Стул, который я держал изо всех сил ногой и двумя руками, был отброшен прочь, когда она на него села.

Бумажную полоску, которую я клал себе на палец, много раз уносило как бы порывом ветра.

Обеденный стол среднего размера и довольно тяжелый множество раз колебался и двигался при одном только соприкосновении с одеждой Анжелики.

Вырезанный из бумаги кружок, положенный вертикально или горизонтально, начинал быстро вертеться от энергии, исходившей от запястья или локтевого сустава девочки.

Большое и тяжелое канапе, на котором я сидел, было отброшено к стене, когда рядом со мной хотела сесть испытуемая.

Стул, который прижимали к полу двое сильных мужчин и на половинке которого я сидел, был вырван из-под меня, когда на вторую половинку села Анжелика.

Любопытно, что каждый раз, когда стул отбрасывало, он тянул за собой одежду девочки. В первое мгновение она притягивалась к нему и только потом отрывалась. Два маленьких шарика бузины двигались, притягивались или отталкивались друг от друга в присутствии девочки.

Сила эманаций Анжелики менялась в течение дня. Она возрастала между семью и девятью часами вечера. Возможно, тут как-то сказывалось влияние ужина, который она съедала в шесть часов.

Эманации шли только спереди, от запястья и локтевого сгиба ее руки.

Энергия истекала только с левой ее стороны; левая ее рука была теплее правой, от нее исходил мягкий пульсирующий жар, как и от всей левой половины тела, когда она делала быстрое движение. Эта рука постоянно дрожала от необычного напряжения, и эта дрожь передавалась при прикосновении чужой руки.

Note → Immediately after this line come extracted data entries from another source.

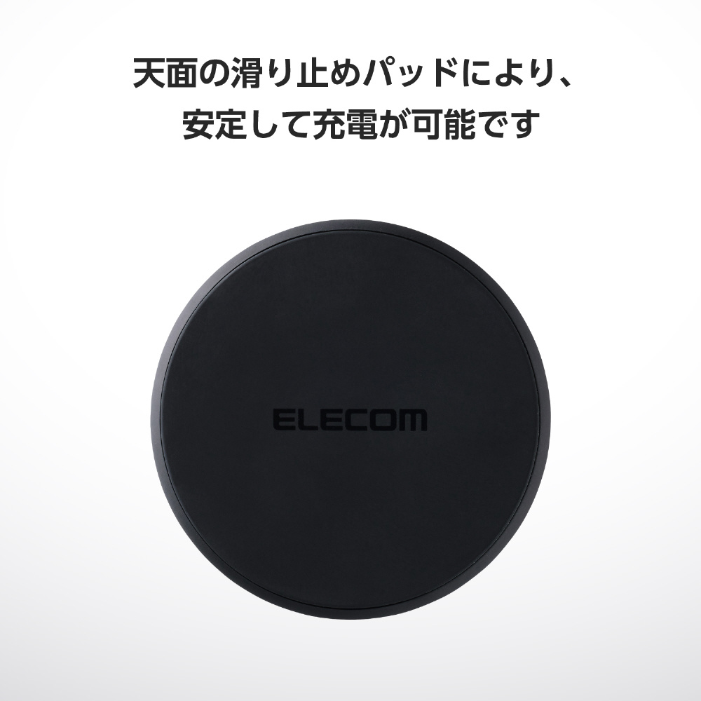 対応するAndroidやiPhoneを置くだけで充電できる、Qi規格ワイヤレス充電器です。手のひらサイズで持ち運びに便利。天面に滑り止めパッドを配置しており、スマートフォン本体への傷やバイブレーションによる滑り落ちを抑制します。USB Power Delivery対応のAC充電器を接続することで最大12Wの高速充電が利用できます。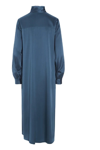 De jurk heeft een stand-up kraag en een boogdetail aan de voorkant. Het lint dat deel uitmaakt van de kraag kan op veel verschillende manieren worden gebonden, afhankelijk van de gewenste look. De jurk heeft lange losse mouwen die zijn verzameld bij de pols door een manchet met een knopafsluiting. De jurk is gemaakt in een losse flowy fit op het lichaam die zowel elegant is, maar de jurk ook een ontspannen gevoel geeft. De jurk is korter aan de voorkant dan achterkant en heeft een onder de knielengte.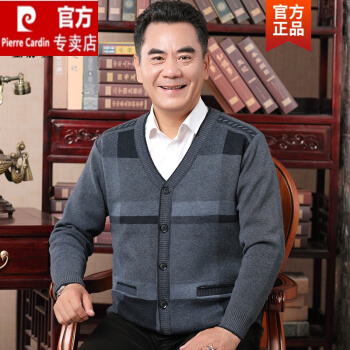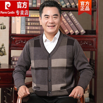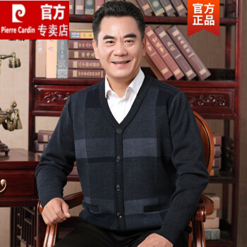 皮尔卡丹旗舰官方店 中年爸爸秋装打底衫秋春款毛衣开衫外套中针织外穿羊绒羊毛衫针织 酒红 185/XXXL |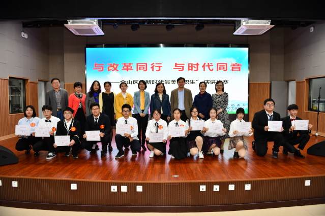选手们紧紧围绕“与改革同行,与时代同音”的演讲主题,从一名中职生的视角出发,或追忆自己进入中职前后的心路历程与重新定位,或畅谈时代发展带来的生活、学习的便捷,或表达自己对新时代偶像——“大国工匠”们的崇拜与敬佩……在举手投足之间,在声情并茂之中,选手们一段段真挚的话语,一份份饱满的情绪,一个个得体的动作,不仅赢得了现场热烈的掌声,更让大家看到了新时代中职生的努力、自信与追求!无论是评委张雅茹老师细致到位的精彩点评,还是市语测中心王静怡主任的高度肯定,都印证了这一点。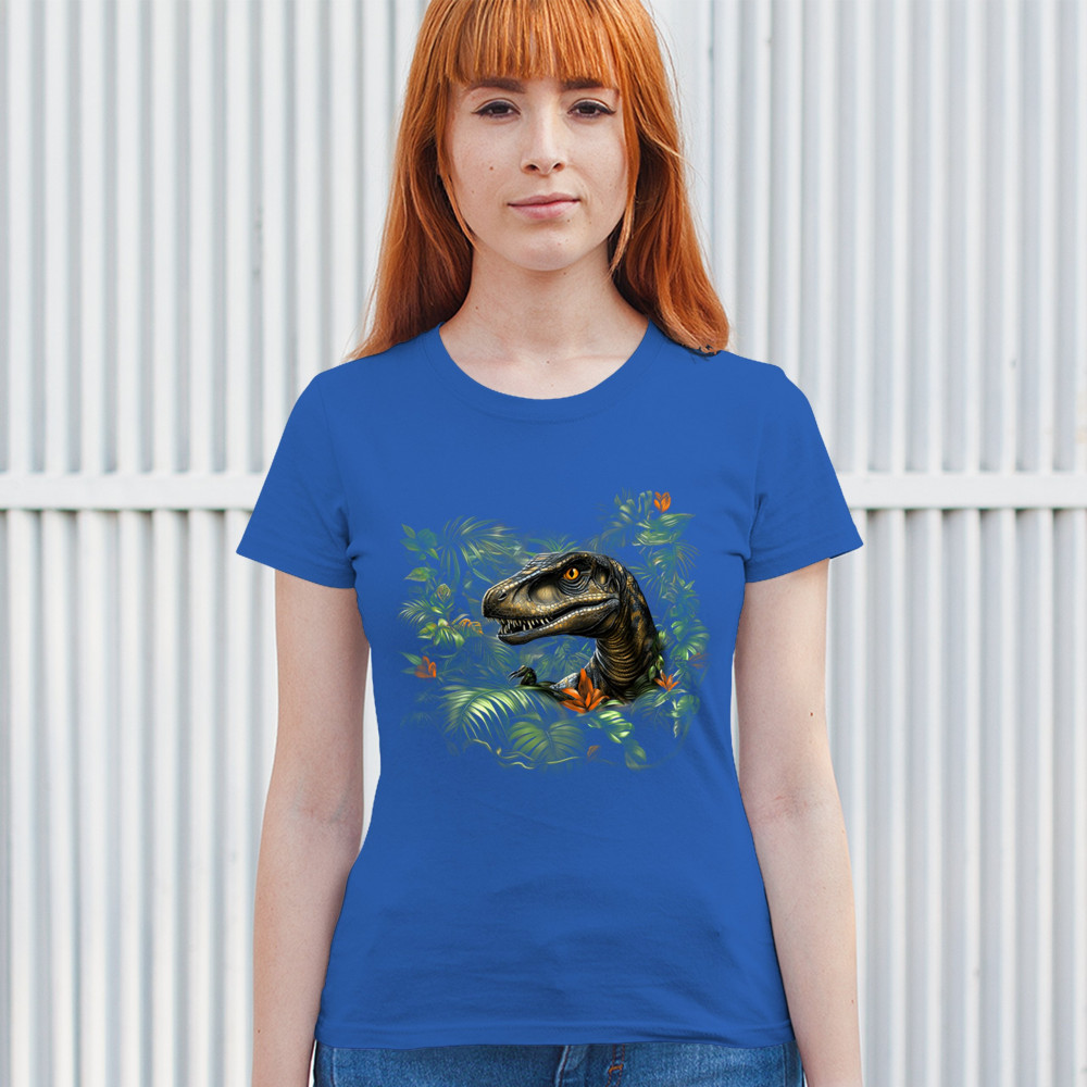 Step into the wild with this striking jungle raptor design. A highly detailed velociraptor peeks from vivid tropical foliage and flowers, perfect for dinosaur lovers, fossil fans, and ancient creature enthusiasts. Whether for Jurassic adventures, museum trips, or themed events, this design unleashes untamed prehistoric energy.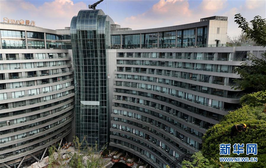 一名工人(右下)在位于酒店頂樓附近的崖壁上施工(11月13日攝)。 位于上海松江的世茂洲際酒店11月15日正式開門營業(yè)。這家在一個(gè)廢棄采石礦坑內(nèi)建成的酒店成為上海又一新景。 新華社記者 方喆 攝

В период наблюдения ее пульс менялся от ста пяти до ста двадцати ударов в минуту и показался мне неритмичным.

Когда ее изолировали от общей почвы, усаживая на стул так, чтобы ее ноги не касались пола, либо ставили ее ноги на стопы сидящего напротив человека, непонятные явления прекращались; такой же результат был, когда она садилась на собственные ладони. Ее электрические свойства исчезали также, если под ногами у нее был натертый воском паркет, прорезиненная ткань или кусок стекла.

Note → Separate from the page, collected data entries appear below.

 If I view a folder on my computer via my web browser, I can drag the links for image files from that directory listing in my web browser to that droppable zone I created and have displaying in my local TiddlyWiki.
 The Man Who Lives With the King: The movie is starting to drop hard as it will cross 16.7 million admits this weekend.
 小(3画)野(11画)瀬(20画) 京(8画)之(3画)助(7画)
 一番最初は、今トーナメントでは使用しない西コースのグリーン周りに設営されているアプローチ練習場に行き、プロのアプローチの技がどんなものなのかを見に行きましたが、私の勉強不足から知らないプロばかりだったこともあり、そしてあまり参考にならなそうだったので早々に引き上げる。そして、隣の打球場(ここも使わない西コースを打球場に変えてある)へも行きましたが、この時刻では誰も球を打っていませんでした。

Во время пароксизма, то есть пика ее электрической активности, девочка не могла прикоснуться левой рукой ни к одному предмету, чтобы тут же не отдернуть ее, как от ожога; когда ее одежда прикасалась к мебели, она притягивала эти предметы, перемещала и переворачивала их. Отдергивая руку, она пыталась избежать боли, так к^ак ее били электрические разряды: она жаловалась на уколы в запястье и в локтевом сгибе. Однажды, пытаясь нащупать пульс в височной артерии, не найдя его в левой руке, я положил ладонь на ее затылок — девочка с криком отпрянула от меня.

Я много раз убеждался, что в районе мозжечка, там, где шейные мышцы крепятся к черепу, находится точка настолько чувствительная, что девочка не позволяет к ней прикасаться, в эту точку передаются якобы все ощущения, которые испытывает ее левая рука.

Электрические эманации этого ребенка имеют характер прерывистых волн, испускаемых последовательно разными частями ее тела, причем самое сильное воздействие, опрокидывающее стол, происходит на уровне ее таза.

Каков бы ни был характер этой энергии, она ощущается как воздушный поток, дуновение холодного воздуха. Я чувствовал явственно краткое дуновение на своей руке, как будто на нее подули губами.

Такая нерегулярность выделения флюидов может объясняться несколькими причинами: во-первых, постоянной настороженностью девочки, которая то и дело оглядывается, боясь, что кто-то или что-то к ней прикоснется; вовторых, ее страхом перед той силой, источником которой она является и которая толкает ее в противоположную от ближних предметов сторону; и в-третьих, степенью.ее усталости и сосредоточенности. Когда она ни о чем не думает или когда внимание ее рассеяно, таинственная сила проявляет себя с наибольшей интенсивностью.

Когда она приближала палец к северному полюсу намагниченного железного бруска, она получала сильный укол; южный полюс не производил на нее никакого действия. Когда брусок заменили и она не знала, где какой полюс, она безошибочно их определяла.

Этой девочке тринадцать лет, она не достигла еще половой зрелости, и я знаю от ее матери, что ничего похожего на менструацию у нее еще не было. Эта девочка сильная и здоровая.